## TASK DESCRIPTION
An unchanged copy of every record below, without pictures, is the goal.

[Opening SUPPLIED MATERIAL section]

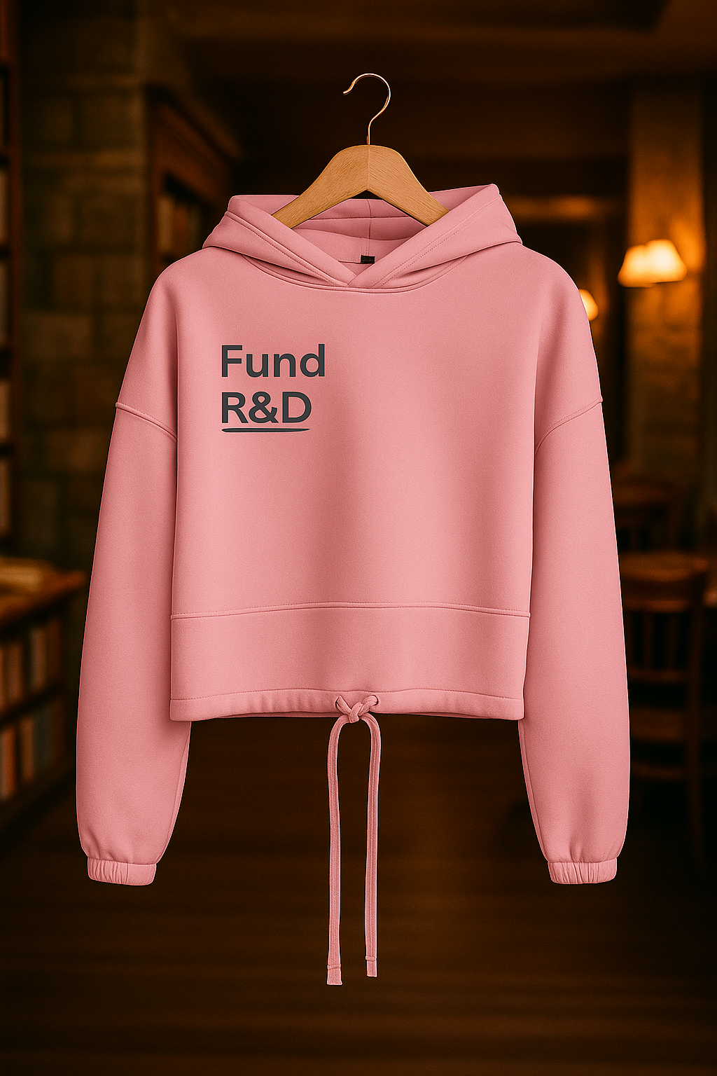 The Women’s Cropped Oversized Hoodie has a relaxed, streetwear‑inspired fit and a subtle mid‑riff cut that makes it playful and modern, while its purpose is serious—every purchase helps fund real research and development projects.
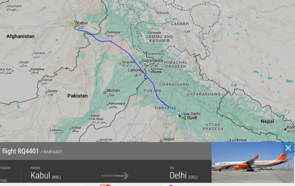 The scheduled passenger flight (flight number RQ4401) was operated by one of Kam Air’s fleet of four Airbus A340-300s with registration marks YA-KME. According to data obtained from Flightradar24, the aircraft departed from Kabul Airport at 07:56 local time and landed one hour and 37 minutes later in Delhi at 10:33 local time.
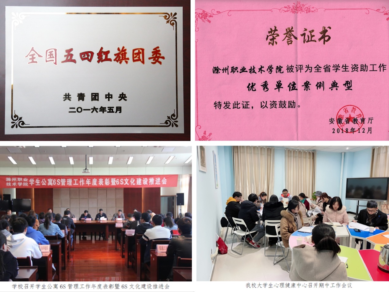 落实立德树人任务,文化育人成效显著。以习近平新时代中国特色社会主义思想为指导,以弘扬“社会主义核心价值观”系列活动为载体,着力构建“三全育人”格局,引导学生树立正确的世界观、人生观和价值观。原机电系2013级机电1班团支部和团支部书记赵蕴阳同学分别获得“全国践行社会主义核心价值观示范团支部”和“全国百佳团支书”称号。谢丽丽、李晓辕、刘娟获“全省高校优秀辅导员”称号,校团委获“全国五四红旗团委”称号,学校获安徽省第四批“三全育人”试点建设高校。构建了“一训三风”的学校文化体系,成功举办“第五届中国高等职业院校健美操锦标赛”“安徽省十五运”等全国性体育赛事和全国第八届农民歌会开幕式,举办大学生社团文化节、道德文化讲堂等校园文化活动,积极打造和乐文化、“小青亭”志愿者服务队等特色校园文化品牌,学校连续两届获“安徽省文明单位”称号。
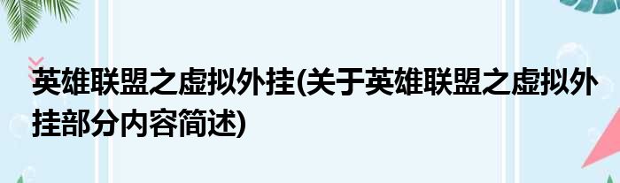 英雄联盟之虚拟外挂(关于英雄联盟之虚拟外挂部分内容简述)
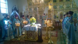 Божественную литургию возглавил благочинный церквей Дрогичинского округа протоиерей Иоанн Пинчук, которому сослужили настоятель храма иерей Николай Манчук, священники Дрогичинского и Ивановского благочиний. После сугубой ектении отец благочинный вознес ко Господу молитву о мире на Украине. Также за Божественной литургией были вознесены сугубые молитвы об упокоении блаженной памяти Высокопреосвященных Иосифа (Семашко), митрополита Литовского и Виленского, Василия (Лужинского), архиепископа Полоцкого и Витебского, Антония (Зубко), архиепископа Минского и Бобруйского, и иных их сподвижников, потрудившихся в деле воссоединения белорусских униатов с Матерью-Церковью. Богослужебные песнопения исполнил местный хор.
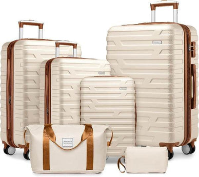 Upgrade travel with the 6 piece luggage set with duffel bags from MLNshops. This set stands out for families and solo travelers. Each piece matches in elegant cream. Durable hardside suitcases protect belongings from bumps. An expandable design gives more packing room on the go.
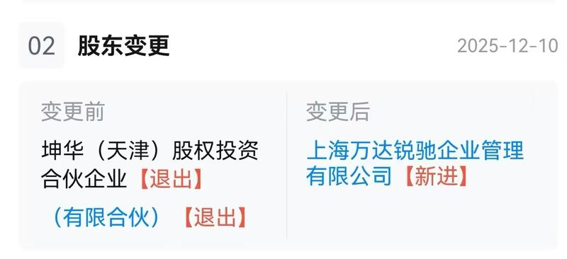 新京报贝壳财经讯(记者段文平)万达近期再次“赎回”旗下商业项目。天眼查信息显示,12月10日,南京万达茂投资有限公司发生工商变更,股东坤华(天津)股权投资合伙企业(有限合伙)退出,上海万达锐驰企业管理有限公司成为全资股东。
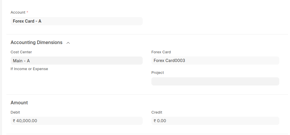 - Select Account Head Forex Card
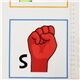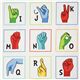 by Robert KaufmanHand Sign Language White Robert Kaufman Fabric. white cotton fabric with colorful squares, sign language alphabet with letters and hand gestures
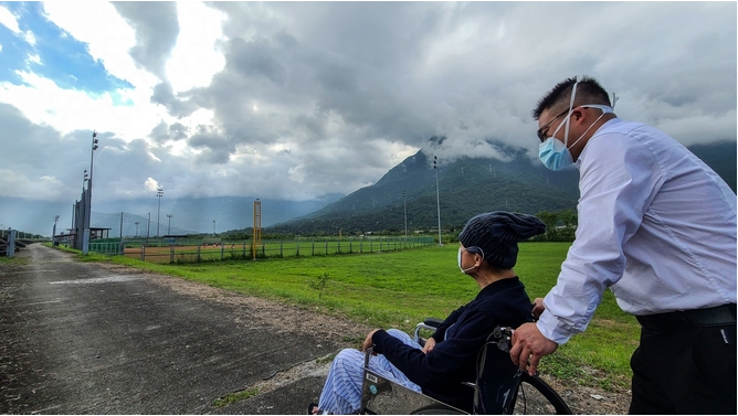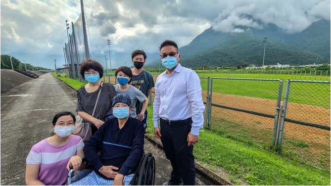左圖:四月二十七日下午,天氣清朗,劉冠麟醫師(右一)、吳雅汝醫師(左一)帶著許永祥主任一家人到球場,那天許主任的精神特別好。(林永森攝)
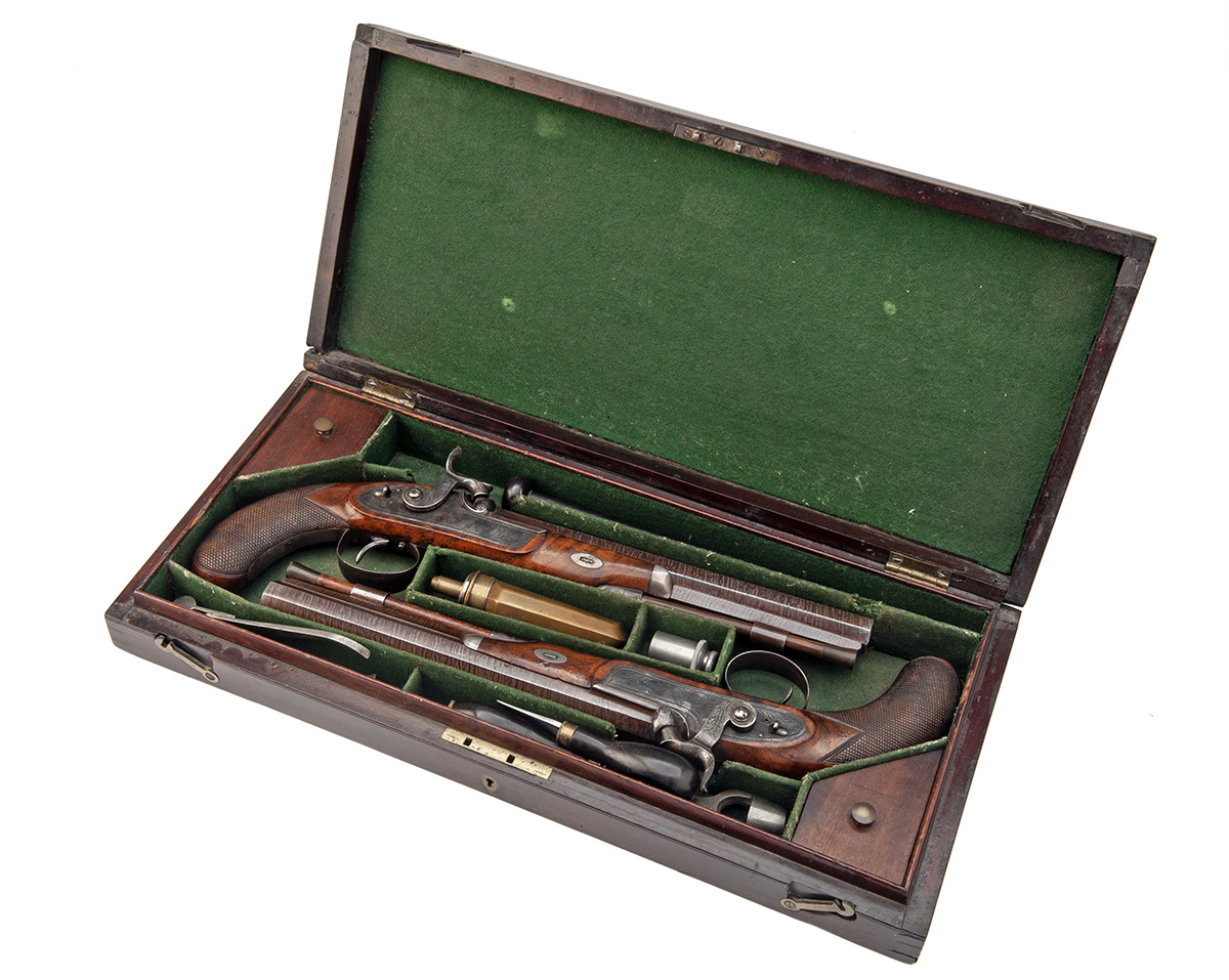 circa 1828, with rebrowned twist 10in. octagonal barrels signed in script on the top-flats 'OXFORD' (rubbed), bead fore-sights, standing notch rear-sights, knock-off breech-blocks with moulded snails, top-tangs engraved with acanthus leaves, border and acanthus leaf engraved flat locks with sliding safes behind the engraved slab-sided hammers and signed 'FORREST', walnut half-stocks with chequered bag-shaped butts, engraved trigger-guards, single set triggers, white metal barrel key escutcheons and nose-caps, horn tipped under-barrel ramrods and complete in their probable original mahogany storage case relined in antiquity in green baize and containing the pistols together with a powder flask, turn screw, wad punch, loading rod and scissors mould
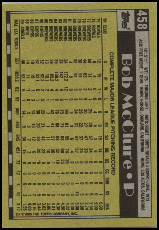 1990 Topps #458 Bob McClure NM-MT California Angels Baseball Card

[Closing SUPPLIED MATERIAL section]

## ANSWER FOR THIS EXERCISE
 The Women’s Cropped Oversized Hoodie has a relaxed, streetwear‑inspired fit and a subtle mid‑riff cut that makes it playful and modern, while its purpose is serious—every purchase helps fund real research and development projects.
 The scheduled passenger flight (flight number RQ4401) was operated by one of Kam Air’s fleet of four Airbus A340-300s with registration marks YA-KME. According to data obtained from Flightradar24, the aircraft departed from Kabul Airport at 07:56 local time and landed one hour and 37 minutes later in Delhi at 10:33 local time.
 落实立德树人任务,文化育人成效显著。以习近平新时代中国特色社会主义思想为指导,以弘扬“社会主义核心价值观”系列活动为载体,着力构建“三全育人”格局,引导学生树立正确的世界观、人生观和价值观。原机电系2013级机电1班团支部和团支部书记赵蕴阳同学分别获得“全国践行社会主义核心价值观示范团支部”和“全国百佳团支书”称号。谢丽丽、李晓辕、刘娟获“全省高校优秀辅导员”称号,校团委获“全国五四红旗团委”称号,学校获安徽省第四批“三全育人”试点建设高校。构建了“一训三风”的学校文化体系,成功举办“第五届中国高等职业院校健美操锦标赛”“安徽省十五运”等全国性体育赛事和全国第八届农民歌会开幕式,举办大学生社团文化节、道德文化讲堂等校园文化活动,积极打造和乐文化、“小青亭”志愿者服务队等特色校园文化品牌,学校连续两届获“安徽省文明单位”称号。
 英雄联盟之虚拟外挂(关于英雄联盟之虚拟外挂部分内容简述)
 Божественную литургию возглавил благочинный церквей Дрогичинского округа протоиерей Иоанн Пинчук, которому сослужили настоятель храма иерей Николай Манчук, священники Дрогичинского и Ивановского благочиний. После сугубой ектении отец благочинный вознес ко Господу молитву о мире на Украине. Также за Божественной литургией были вознесены сугубые молитвы об упокоении блаженной памяти Высокопреосвященных Иосифа (Семашко), митрополита Литовского и Виленского, Василия (Лужинского), архиепископа Полоцкого и Витебского, Антония (Зубко), архиепископа Минского и Бобруйского, и иных их сподвижников, потрудившихся в деле воссоединения белорусских униатов с Матерью-Церковью. Богослужебные песнопения исполнил местный хор.
 Upgrade travel with the 6 piece luggage set with duffel bags from MLNshops. This set stands out for families and solo travelers. Each piece matches in elegant cream. Durable hardside suitcases protect belongings from bumps. An expandable design gives more packing room on the go.
 新京报贝壳财经讯(记者段文平)万达近期再次“赎回”旗下商业项目。天眼查信息显示,12月10日,南京万达茂投资有限公司发生工商变更,股东坤华(天津)股权投资合伙企业(有限合伙)退出,上海万达锐驰企业管理有限公司成为全资股东。
 - Select Account Head Forex Card
 by Robert KaufmanHand Sign Language White Robert Kaufman Fabric. white cotton fabric with colorful squares, sign language alphabet with letters and hand gestures
左圖:四月二十七日下午,天氣清朗,劉冠麟醫師(右一)、吳雅汝醫師(左一)帶著許永祥主任一家人到球場,那天許主任的精神特別好。(林永森攝)
 circa 1828, with rebrowned twist 10in. octagonal barrels signed in script on the top-flats 'OXFORD' (rubbed), bead fore-sights, standing notch rear-sights, knock-off breech-blocks with moulded snails, top-tangs engraved with acanthus leaves, border and acanthus leaf engraved flat locks with sliding safes behind the engraved slab-sided hammers and signed 'FORREST', walnut half-stocks with chequered bag-shaped butts, engraved trigger-guards, single set triggers, white metal barrel key escutcheons and nose-caps, horn tipped under-barrel ramrods and complete in their probable original mahogany storage case relined in antiquity in green baize and containing the pistols together with a powder flask, turn screw, wad punch, loading rod and scissors mould
 1990 Topps #458 Bob McClure NM-MT California Angels Baseball Card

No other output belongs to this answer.